### SUPPLIED INFORMATION

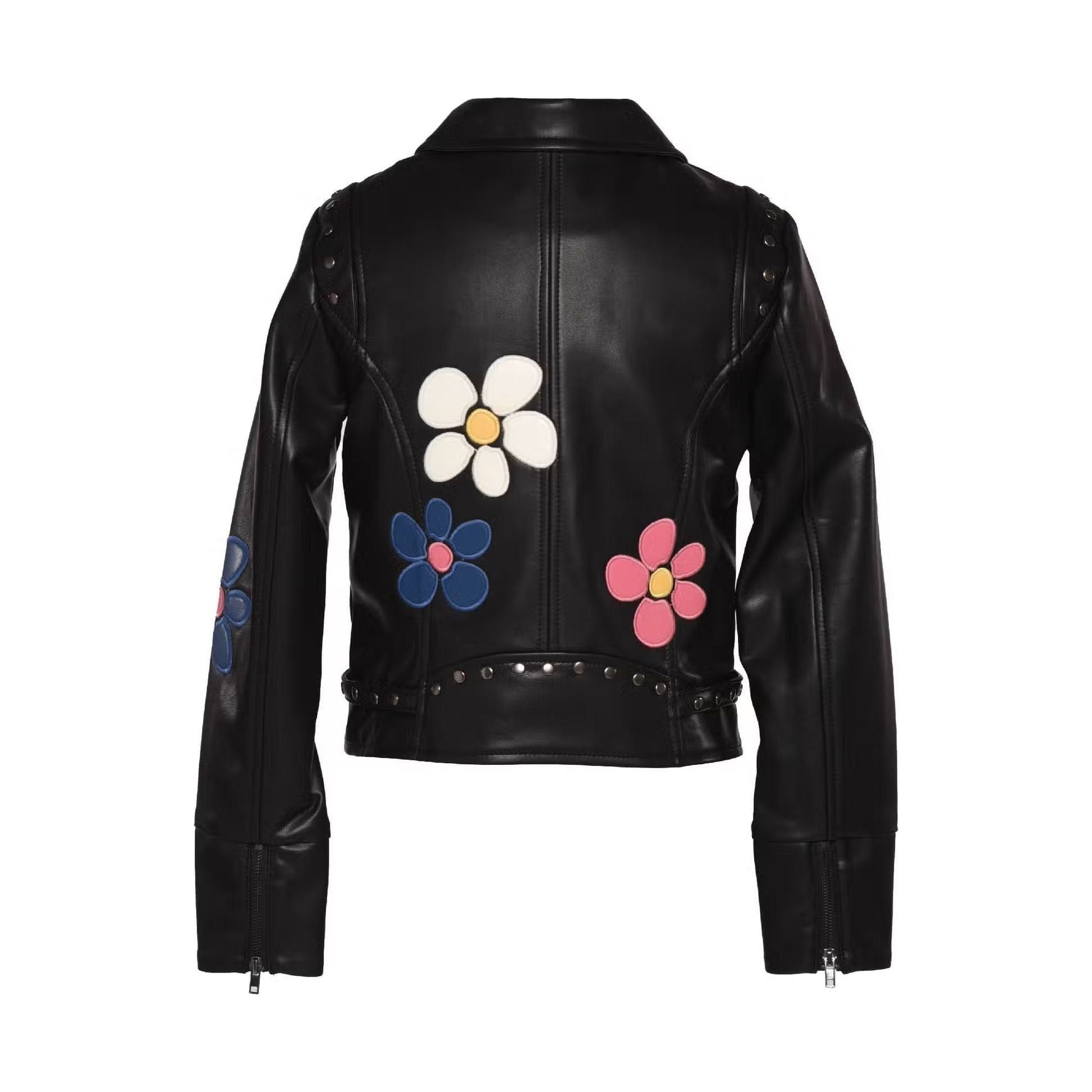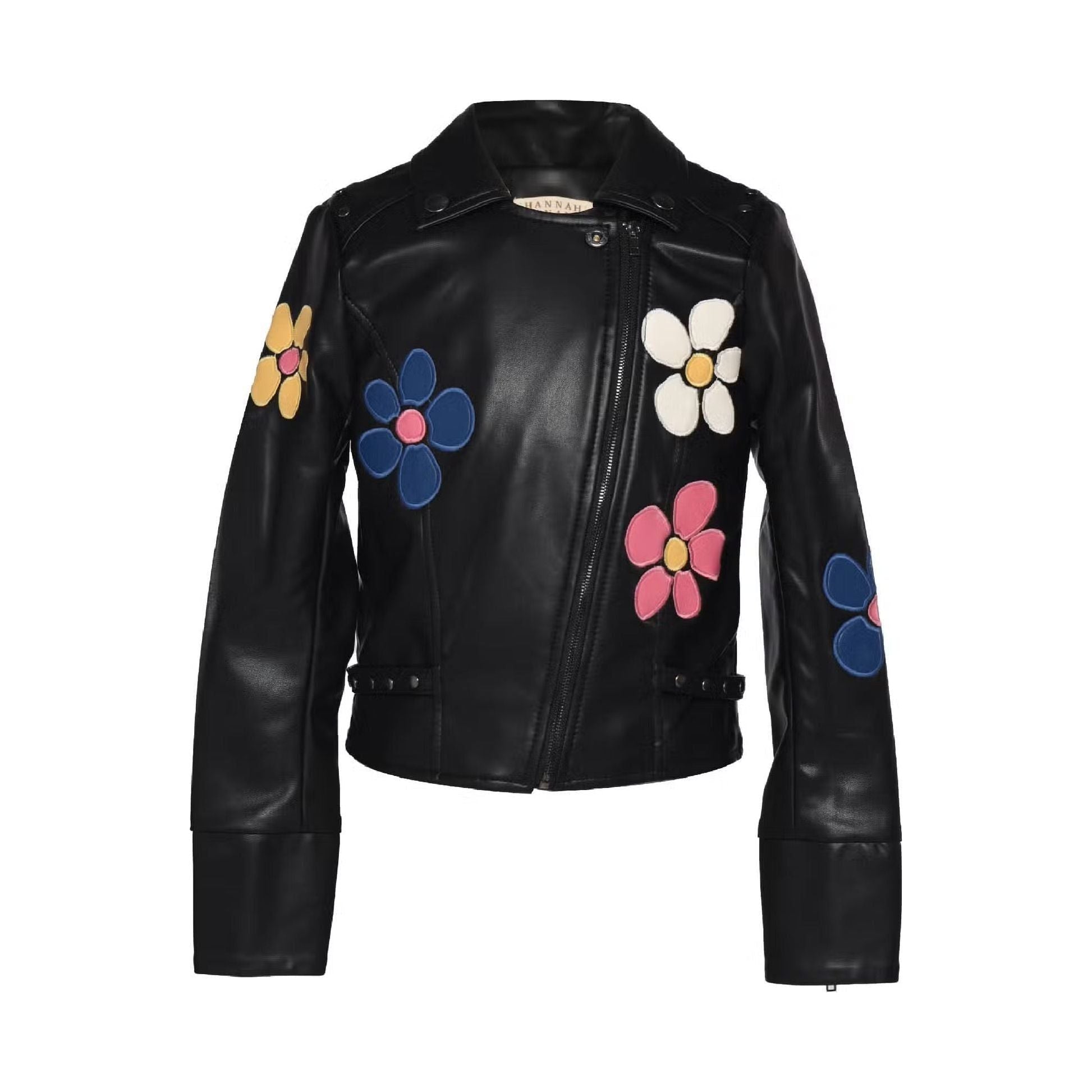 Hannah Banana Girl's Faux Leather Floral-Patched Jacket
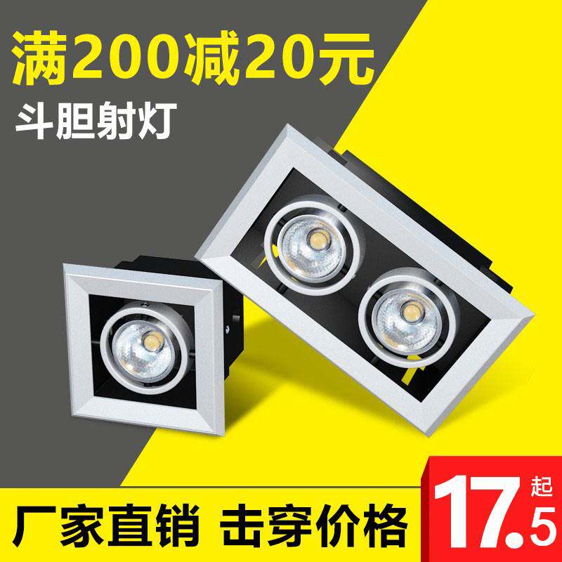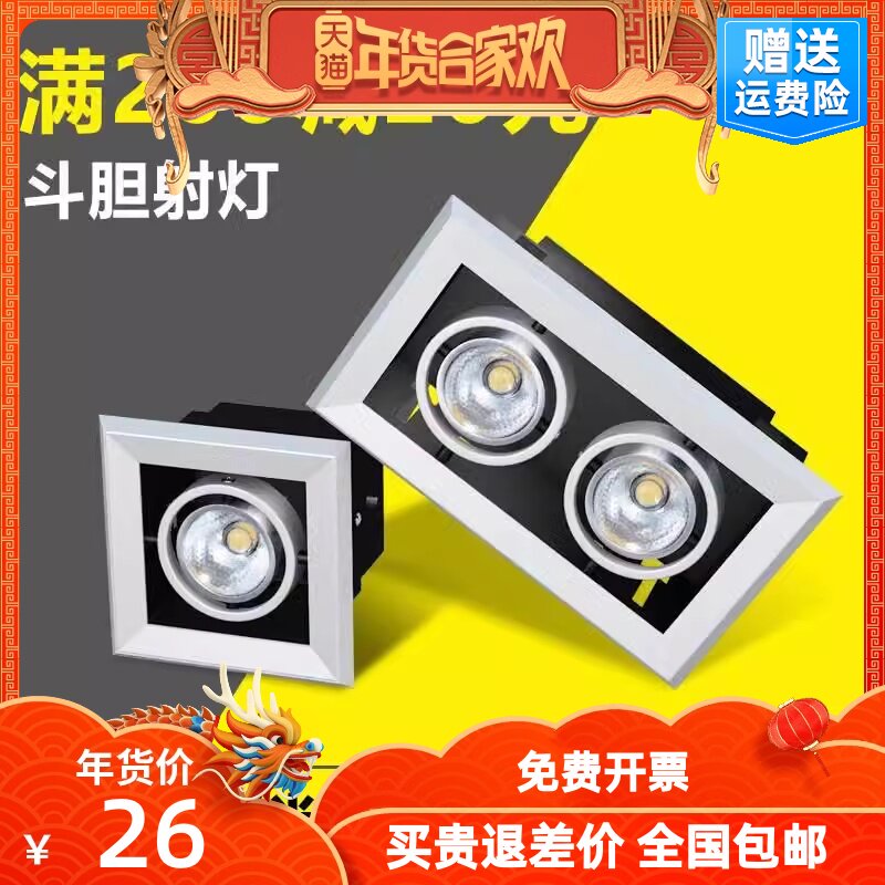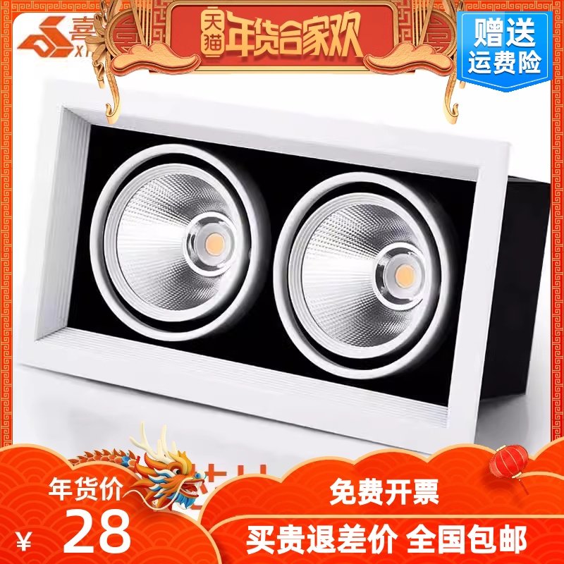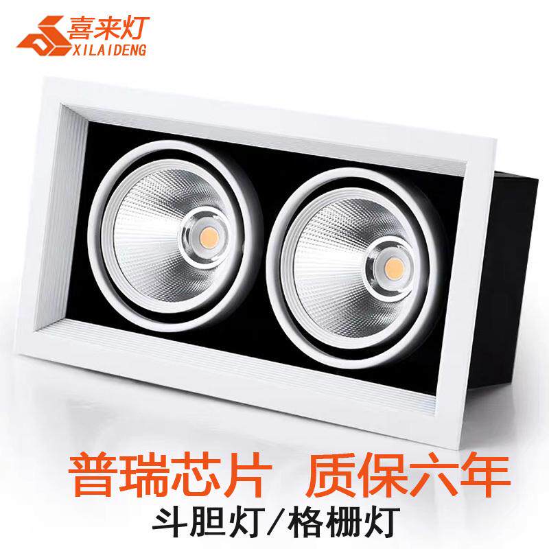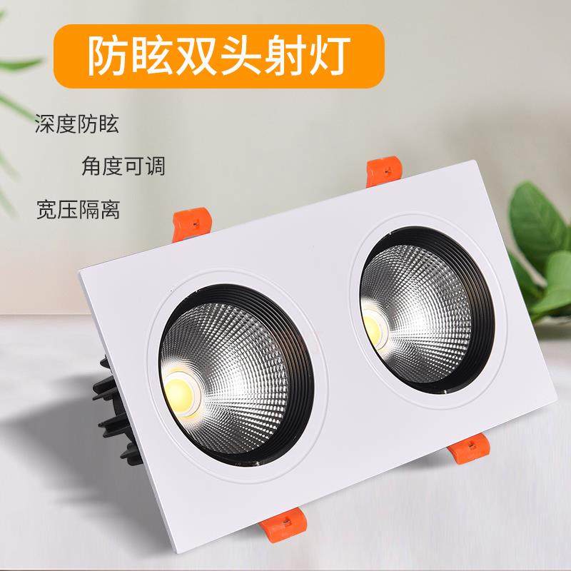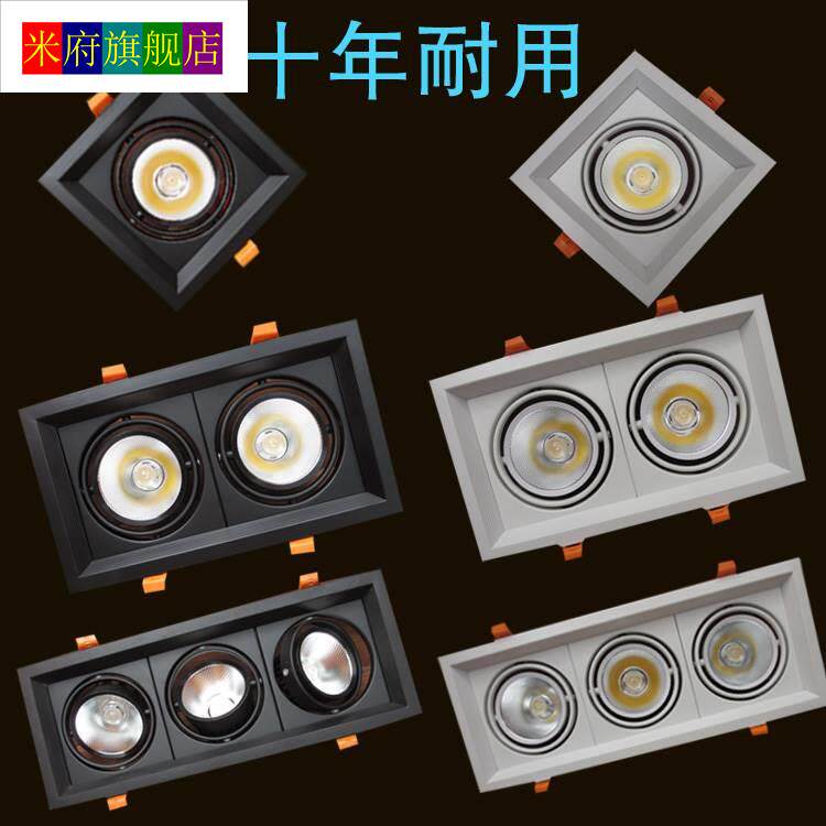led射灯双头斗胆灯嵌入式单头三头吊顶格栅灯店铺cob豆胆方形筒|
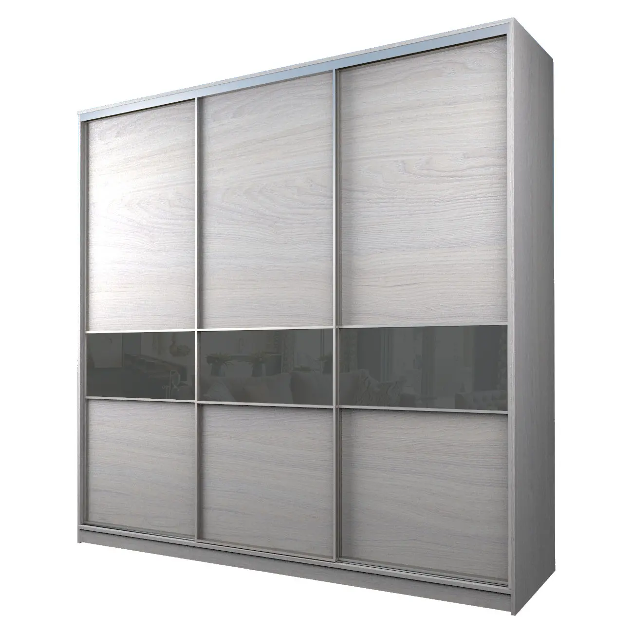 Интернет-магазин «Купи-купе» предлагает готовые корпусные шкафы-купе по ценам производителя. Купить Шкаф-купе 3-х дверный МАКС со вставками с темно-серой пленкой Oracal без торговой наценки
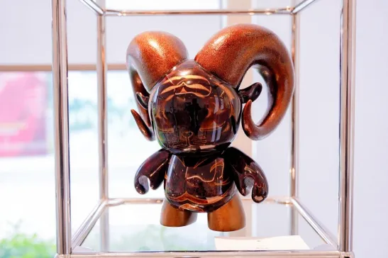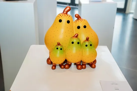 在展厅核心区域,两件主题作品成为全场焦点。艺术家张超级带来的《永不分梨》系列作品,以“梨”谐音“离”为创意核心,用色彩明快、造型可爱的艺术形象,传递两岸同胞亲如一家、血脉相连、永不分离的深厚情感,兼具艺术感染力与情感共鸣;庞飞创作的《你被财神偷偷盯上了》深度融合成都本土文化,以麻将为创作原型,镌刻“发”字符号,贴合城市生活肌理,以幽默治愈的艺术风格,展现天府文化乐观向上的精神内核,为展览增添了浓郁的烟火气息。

### TASK OBJECTIVE
Pictures aside, reproduce the listing above exactly.

### THE COMPLETED TASK
 Hannah Banana Girl's Faux Leather Floral-Patched Jacket
led射灯双头斗胆灯嵌入式单头三头吊顶格栅灯店铺cob豆胆方形筒|
 Интернет-магазин «Купи-купе» предлагает готовые корпусные шкафы-купе по ценам производителя. Купить Шкаф-купе 3-х дверный МАКС со вставками с темно-серой пленкой Oracal без торговой наценки
 在展厅核心区域,两件主题作品成为全场焦点。艺术家张超级带来的《永不分梨》系列作品,以“梨”谐音“离”为创意核心,用色彩明快、造型可爱的艺术形象,传递两岸同胞亲如一家、血脉相连、永不分离的深厚情感,兼具艺术感染力与情感共鸣;庞飞创作的《你被财神偷偷盯上了》深度融合成都本土文化,以麻将为创作原型,镌刻“发”字符号,贴合城市生活肌理,以幽默治愈的艺术风格,展现天府文化乐观向上的精神内核,为展览增添了浓郁的烟火气息。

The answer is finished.